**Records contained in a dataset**

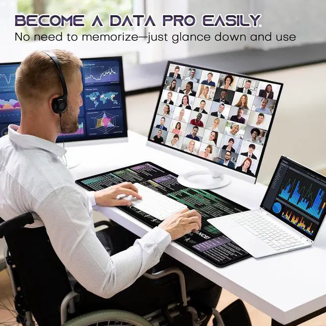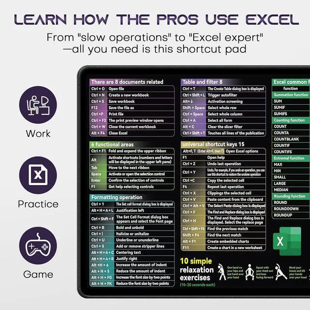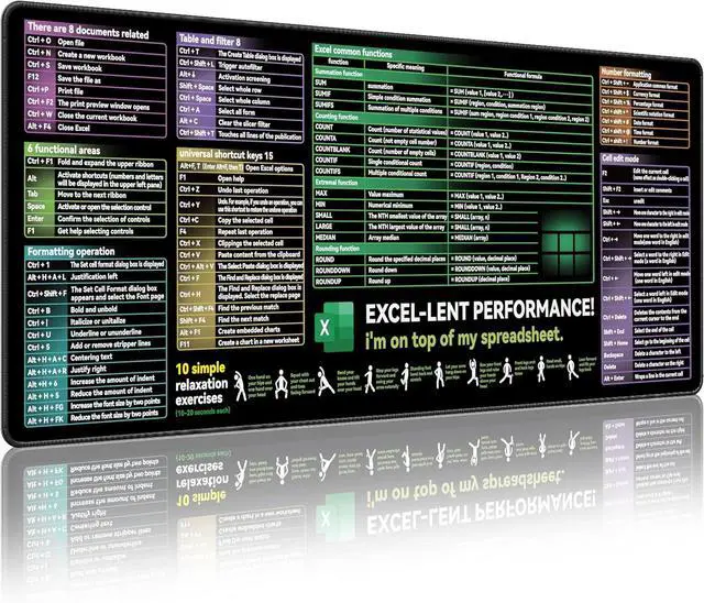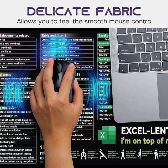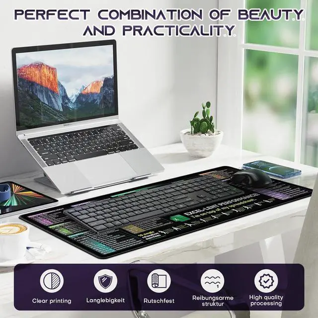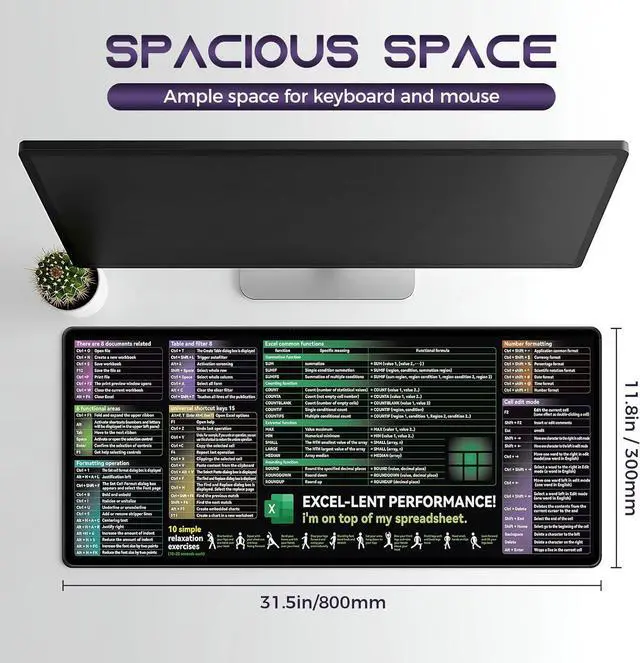 Useful shortcut keysContain Various excel cheat sheetfunctionYou can check it at any time while workingNo need to waste time searchingThis excel cheat sheet desk pad will help your work be easyClear and bright printingThis excel cheat sheet desk pad ues advanced inkjet printing technology makes the patterns clearer and brighter you can read them effortlessly! Smooth and waterproof fabricThis large desk pad is made of high-quality fabric which makes it waterproof easy to clean and smooth to use giving you a better use experience. Large coverage size 31.45 * 11.75 in large XL sizeIt can not only place your mouse and keyboard but also your documents cups and office suppliesThe large size can also protect your desk from damageDelicate seams and non-slip rubber bottomThis mouse and keyboard pad uses a double stitching process which makes the edge stitching more durable than traditional processes and will not fall apart.
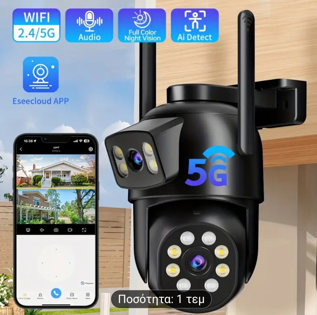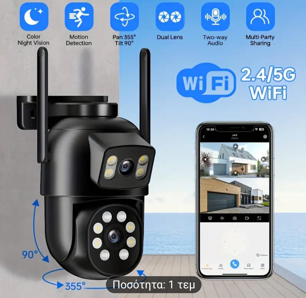 Aσύρματη κάμερα ασφαλείας με διπλό φακό.
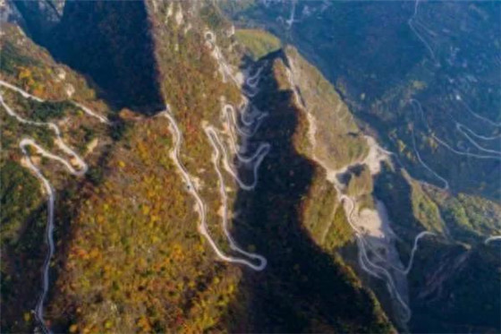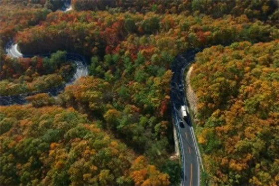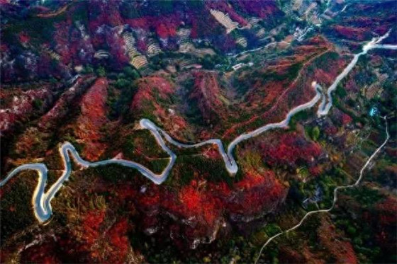 初秋時(shí)節(jié)的林石公路像一條彩帶,穿梭于楓葉流丹、層林盡染的太行山脈之間,車(chē)行其中仿佛置身于百里畫(huà)廊。(秦陽(yáng)攝)
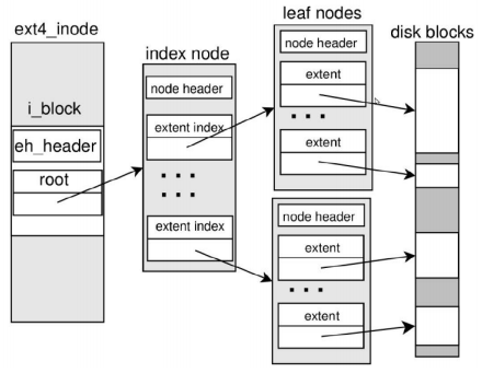 각각의 leaf node는 <starting block #, extent size> 를 갖고 있으며 contiguous allocation 의 단점을 줄이고 장점은 최대한 유지한 방법이라고 할 수 있다. 따라서 여전히 좋은 sequential access performance를 보이고 metadata에 대한 overhead가 상대적으로 적다.
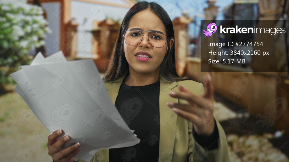Woman holding papers looks frustrated in park with young latin hispanic woman outdoors near green trees reading.
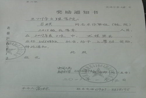 2018年6月12日,公司收到部队的奖励通知书,BV伟德官方网站2016年9月入伍的2015级应用化学一班员工马�,在2017年度工作中,成绩突出,经31664部队政治部批准,授予个人三等功。公司对他获得奖励表示热烈的祝贺,希望公司全体员工以马�同学为榜样,努力学习专业知识,加强自身修养,为公司添光增彩。

**Your task**
Output exactly, and only, the lines running from the line containing "Aσύρματη κάμερα ασφαλείας με διπλό φακό." to the last line of the entries above, omitting the pictures.

**Written response**
 Aσύρματη κάμερα ασφαλείας με διπλό φακό.
 初秋時(shí)節(jié)的林石公路像一條彩帶,穿梭于楓葉流丹、層林盡染的太行山脈之間,車(chē)行其中仿佛置身于百里畫(huà)廊。(秦陽(yáng)攝)
 각각의 leaf node는 <starting block #, extent size> 를 갖고 있으며 contiguous allocation 의 단점을 줄이고 장점은 최대한 유지한 방법이라고 할 수 있다. 따라서 여전히 좋은 sequential access performance를 보이고 metadata에 대한 overhead가 상대적으로 적다.
Woman holding papers looks frustrated in park with young latin hispanic woman outdoors near green trees reading.
 2018年6月12日,公司收到部队的奖励通知书,BV伟德官方网站2016年9月入伍的2015级应用化学一班员工马�,在2017年度工作中,成绩突出,经31664部队政治部批准,授予个人三等功。公司对他获得奖励表示热烈的祝贺,希望公司全体员工以马�同学为榜样,努力学习专业知识,加强自身修养,为公司添光增彩。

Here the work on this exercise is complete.